The space of edge states decomposes:

```
C^1(G, F) = im(delta_0) + ker(delta_1) + H^1(G, F)
```

This separates gradient flows (consistent), harmonic forms (neutral), and cohomology (obstructions).

---

## Related Decisions

- [ADR-004: Spectral Invariants](ADR-004-spectral-invariants.md) - Uses sheaf Laplacian eigenvalues
- [ADR-002: Category Theory](ADR-002-category-topos.md) - Sheaves are presheaves satisfying gluing
- [ADR-003: Homotopy Type Theory](ADR-003-homotopy-type-theory.md) - Higher sheaves and stacks

---

## References

1. Hansen, J., & Ghrist, R. (2019). "Toward a spectral theory of cellular sheaves." Journal of Applied and Computational Topology.

2. Curry, J. (2014). "Sheaves, Cosheaves and Applications." PhD thesis, University of Pennsylvania.

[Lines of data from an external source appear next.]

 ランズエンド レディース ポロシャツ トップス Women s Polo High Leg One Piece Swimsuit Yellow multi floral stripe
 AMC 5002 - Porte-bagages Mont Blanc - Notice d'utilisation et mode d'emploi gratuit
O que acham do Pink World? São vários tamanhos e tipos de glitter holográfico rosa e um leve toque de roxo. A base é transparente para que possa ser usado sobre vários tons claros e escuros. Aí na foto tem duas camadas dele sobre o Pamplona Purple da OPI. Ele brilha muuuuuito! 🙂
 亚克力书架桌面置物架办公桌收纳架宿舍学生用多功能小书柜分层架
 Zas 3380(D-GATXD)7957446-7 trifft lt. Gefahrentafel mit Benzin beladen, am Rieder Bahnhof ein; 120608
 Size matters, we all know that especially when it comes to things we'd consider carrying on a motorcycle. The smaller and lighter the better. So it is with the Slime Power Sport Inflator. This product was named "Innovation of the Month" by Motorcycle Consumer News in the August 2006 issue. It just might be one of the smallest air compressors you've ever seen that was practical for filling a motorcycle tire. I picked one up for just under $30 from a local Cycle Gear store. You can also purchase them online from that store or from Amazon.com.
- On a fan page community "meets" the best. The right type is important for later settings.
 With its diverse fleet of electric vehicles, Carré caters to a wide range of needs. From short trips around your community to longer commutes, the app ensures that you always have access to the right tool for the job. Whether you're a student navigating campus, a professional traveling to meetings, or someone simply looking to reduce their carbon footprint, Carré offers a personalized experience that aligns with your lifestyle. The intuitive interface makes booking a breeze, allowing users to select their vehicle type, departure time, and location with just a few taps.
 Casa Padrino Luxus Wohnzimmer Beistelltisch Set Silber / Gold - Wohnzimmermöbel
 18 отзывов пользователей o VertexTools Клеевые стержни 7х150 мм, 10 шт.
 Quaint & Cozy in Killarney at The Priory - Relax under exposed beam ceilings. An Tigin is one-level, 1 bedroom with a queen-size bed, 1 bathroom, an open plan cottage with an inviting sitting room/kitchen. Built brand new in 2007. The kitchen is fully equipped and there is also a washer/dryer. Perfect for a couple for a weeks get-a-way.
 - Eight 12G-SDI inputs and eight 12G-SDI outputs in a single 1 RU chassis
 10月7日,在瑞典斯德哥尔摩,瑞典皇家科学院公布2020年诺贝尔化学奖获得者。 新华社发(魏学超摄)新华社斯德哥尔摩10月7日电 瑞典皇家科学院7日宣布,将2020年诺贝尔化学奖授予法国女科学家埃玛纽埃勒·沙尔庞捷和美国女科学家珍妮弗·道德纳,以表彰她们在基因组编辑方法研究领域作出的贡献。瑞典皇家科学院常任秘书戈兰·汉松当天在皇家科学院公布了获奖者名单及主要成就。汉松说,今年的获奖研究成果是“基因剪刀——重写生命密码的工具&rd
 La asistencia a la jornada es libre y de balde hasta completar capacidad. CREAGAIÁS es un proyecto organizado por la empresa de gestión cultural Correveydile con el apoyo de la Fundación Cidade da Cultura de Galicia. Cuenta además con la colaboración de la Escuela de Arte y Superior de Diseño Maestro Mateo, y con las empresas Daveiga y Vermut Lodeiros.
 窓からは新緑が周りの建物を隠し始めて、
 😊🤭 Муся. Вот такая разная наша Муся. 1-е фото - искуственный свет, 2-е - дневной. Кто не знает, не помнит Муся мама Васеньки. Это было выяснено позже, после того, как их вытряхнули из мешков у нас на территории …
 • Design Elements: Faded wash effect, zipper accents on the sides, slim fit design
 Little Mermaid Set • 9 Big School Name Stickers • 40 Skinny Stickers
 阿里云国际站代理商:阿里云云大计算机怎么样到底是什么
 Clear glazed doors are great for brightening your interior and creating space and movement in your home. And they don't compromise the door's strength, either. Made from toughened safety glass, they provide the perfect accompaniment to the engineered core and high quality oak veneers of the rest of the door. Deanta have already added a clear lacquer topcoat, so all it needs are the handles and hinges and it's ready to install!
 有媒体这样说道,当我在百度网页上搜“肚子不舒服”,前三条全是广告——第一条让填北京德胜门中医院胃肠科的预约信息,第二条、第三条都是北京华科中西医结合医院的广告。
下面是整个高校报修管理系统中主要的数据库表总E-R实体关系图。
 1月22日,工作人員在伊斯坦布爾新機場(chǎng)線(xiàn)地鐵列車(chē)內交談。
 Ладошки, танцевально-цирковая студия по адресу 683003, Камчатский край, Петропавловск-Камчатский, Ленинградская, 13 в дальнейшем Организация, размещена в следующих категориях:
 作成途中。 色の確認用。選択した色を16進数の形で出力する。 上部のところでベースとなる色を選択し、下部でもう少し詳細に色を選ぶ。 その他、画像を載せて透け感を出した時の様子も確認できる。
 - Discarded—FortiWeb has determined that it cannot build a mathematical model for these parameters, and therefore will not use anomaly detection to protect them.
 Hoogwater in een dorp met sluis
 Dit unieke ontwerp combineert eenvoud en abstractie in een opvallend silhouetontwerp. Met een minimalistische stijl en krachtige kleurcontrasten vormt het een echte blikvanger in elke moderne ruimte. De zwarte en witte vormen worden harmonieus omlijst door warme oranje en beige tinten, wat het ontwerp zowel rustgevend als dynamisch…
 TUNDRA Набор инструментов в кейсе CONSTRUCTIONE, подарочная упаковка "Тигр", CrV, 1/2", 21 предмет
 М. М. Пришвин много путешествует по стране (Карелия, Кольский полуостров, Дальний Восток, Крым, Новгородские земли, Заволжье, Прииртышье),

3. Robinson, M. (2014). "Topological Signal Processing." Springer.

4. Bodnar, C., et al. (2022). "Neural Sheaf Diffusion: A Topological Perspective on Heterophily and Oversmoothing in GNNs." NeurIPS.

5. Ghrist, R. (2014). "Elementary Applied Topology." Createspace.

---

## Appendix: Worked Example

Consider a knowledge graph with three facts:

- F1: "Paris is the capital of France" (state: [1, 0, 0, 1])
- F2: "France is in Europe" (state: [0, 1, 1, 0])
- F3: "Paris is not in Europe" (state: [1, 0, 0, -1]) -- HALLUCINATION

Edges with identity restriction maps:
- E1: F1 -> F2 (France connection)
- E2: F1 -> F3 (Paris connection)
- E3: F2 -> F3 (Europe connection)

Residuals:
- r_{E1} = [1,0,0,1] - [0,1,1,0] = [1,-1,-1,1], ||r||^2 = 4
- r_{E2} = [1,0,0,1] - [1,0,0,-1] = [0,0,0,2], ||r||^2 = 4
- r_{E3} = [0,1,1,0] - [1,0,0,-1] = [-1,1,1,1], ||r||^2 = 4

Total energy = 4 + 4 + 4 = 12 (HIGH -- indicates hallucination)

If F3 were corrected to "Paris is in Europe" (state: [1,0,1,1]):
- r_{E3} = [0,1,1,0] - [1,0,1,1] = [-1,1,0,-1], ||r||^2 = 3

Energy decreases, indicating better coherence.